# Why did I put Tree in the name of my company?



## PurdueJoe (Jul 1, 2009)

Get a call today and bid a job on the way home (only one of 4 guys called that even showed up) look at it figure x amount nothing crazy or high even though it's storm damage but enough to figure in the risk of breaking a pain of greenhouse glass. Get a call from the HO says he's got a Lanscraper/ Lawn jockey that will do it for 1/3 less. Ask me if I can lower my bid because he "likes" my knowledge on trees. My reply "If I lower my price then that means I'm trying to handle you from the start, my original price is the lowest I can go and that's that." I asked if he was comparing apples to apples and he said well I took you estimate and he told him everything on it and he said he would do it that much cheaper but he provided no written estimate to the HO. I told the HO that I hope it all works out well and if not please give me a call and thank you for the opportunity for looking at his tree work (biting my tongue the whole time). I should have never put Tree into my company name because I would have a lower ins. rate plus WC and be able to do tree work like the guys with Tree in the name of their company for a much cheaper price.


----------



## chip's-tree (Jul 1, 2009)

PurdueJoe said:


> Get a call today and bid a job on the way home (only one of 4 guys called that even showed up) look at it figure x amount nothing crazy or high even though it's storm damage but enough to figure in the risk of breaking a pain of greenhouse glass. Get a call from the HO says he's got a Lanscraper/ Lawn jockey that will do it for 1/3 less. Ask me if I can lower my bid because he "likes" my knowledge on trees. My reply "If I lower my price then that means I'm trying to handle you from the start, my original price is the lowest I can go and that's that." I asked if he was comparing apples to apples and he said well I took you estimate and he told him everything on it and he said he would do it that much cheaper but he provided no written estimate to the HO. I told the HO that I hope it all works out well and if not please give me a call and thank you for the opportunity for looking at his tree work (biting my tongue the whole time). I should have never put Tree into my company name because I would have a lower ins. rate plus WC and be able to do tree work like the guys with Tree in the name of their company for a much cheaper price.

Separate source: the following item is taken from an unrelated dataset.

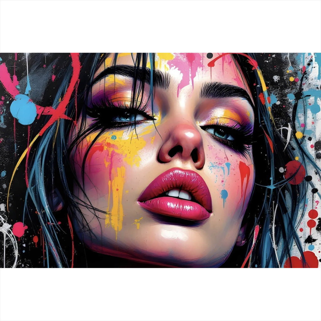 Dieses beeindruckende Kunstwerk ist ein ausdrucksstarkes Porträt im Pop Art Stil, das mit seiner lebendigen und dynamischen Darstellung die Aufmerksamkeit auf sich zieht. Das Motiv zeigt ein Gesicht, das durch die Kombination von abstrakten Elementen und präzise gesetzten Akzenten eine einzigartige Tiefe erhält. Die Komposition spielt mit verschiedenen Formen und Linien, die dem Bild eine moderne und kreative Anmutung verleihen. Die Darstellung ist sowohl detailreich als auch stilisiert, was die Individualität und Ausdruckskraft des Werkes unterstreicht. Durch die Verwendung von kräftigen Konturen und pointierten Details wird eine starke visuelle Wirkung erzielt, die in jedem Raum als zentraler Blickfang dient. Dieses Wandbild eignet sich hervorragend für moderne Wohnräume oder Büros, in denen es eine inspirierende Atmosphäre schafft. Die Ästhetik des Bildes kombiniert künstlerische Freiheit mit strukturiertem Design, wodurch es sowohl in minimalistischen als auch in lebendig gestalteten Umgebungen zur Geltung kommt. Ein perfektes Beispiel für zeitgenössische Kunst, die sowohl Stilbewusstsein als auch Originalität verkörpert.

it's just one job so don't fret it. your GL ins. only covers what's listed on the policy. most of the time when that happens it's usually not apples to apples.


----------



## ATH (Jul 2, 2009)

PurdueJoe said:


> ........Ask me if I can lower my bid because he "likes" my knowledge on trees........



I found a guy to do my heart surgery real cheap...but then I decided to go with the guy who actually knew somthing about hearts rather than a guy who cleans the bed pans and figured "what the heck, this all happens in the same place, I can handle it".


----------



## chip's-tree (Jul 2, 2009)

ATH said:


> I found a guy to do my heart surgery real cheap...but then I decided to go with the guy who actually knew somthing about hearts rather than a guy who cleans the bed pans and figured "what the heck, this all happens in the same place, I can handle it".



now that's funny


----------



## PurdueJoe (Jul 3, 2009)

ATH said:


> I found a guy to do my heart surgery real cheap...but then I decided to go with the guy who actually knew somthing about hearts rather than a guy who cleans the bed pans and figured "what the heck, this all happens in the same place, I can handle it".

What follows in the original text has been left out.